*** Exercise data ***

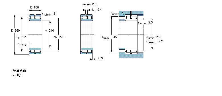 | 圓柱滾子軸承, 雙列滿裝滾子, 無密封件, 單方向軸向負荷的擋邊 | ||||||||||
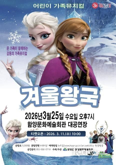K-Classic News 기자 | 함양문화예술회관은 3월 문화가 있는 날을 맞아 온 가족이 함께 즐길 수 있는 가족뮤지컬 ‘겨울왕국’을 오는 3월 25일 오후 7시 문화예술회관 대공연장에서 개최한다고 밝혔다.
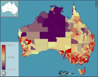 Australia has an average population density of 3.6 persons per square kilometre of total land area, which makes it one of the most sparsely populated countries in the world. This is generally attributed to the semi-arid and desert geography of much of the interior of the country. Another factor is urbanisation—with 89% of its population living in a handful of urban areas, Australia is one of the world's most urbanised countries.[15] The life expectancy of Australia in 2015–2017 was 83.2 years, among the highest in the world.[16]

*** End of Exercise data ***

Task prompt — Copy out the material exactly as it stands, though no picture should appear in the copy.

Written reply —
 | 圓柱滾子軸承, 雙列滿裝滾子, 無密封件, 單方向軸向負荷的擋邊 | ||||||||||
K-Classic News 기자 | 함양문화예술회관은 3월 문화가 있는 날을 맞아 온 가족이 함께 즐길 수 있는 가족뮤지컬 ‘겨울왕국’을 오는 3월 25일 오후 7시 문화예술회관 대공연장에서 개최한다고 밝혔다.
 Australia has an average population density of 3.6 persons per square kilometre of total land area, which makes it one of the most sparsely populated countries in the world. This is generally attributed to the semi-arid and desert geography of much of the interior of the country. Another factor is urbanisation—with 89% of its population living in a handful of urban areas, Australia is one of the world's most urbanised countries.[15] The life expectancy of Australia in 2015–2017 was 83.2 years, among the highest in the world.[16]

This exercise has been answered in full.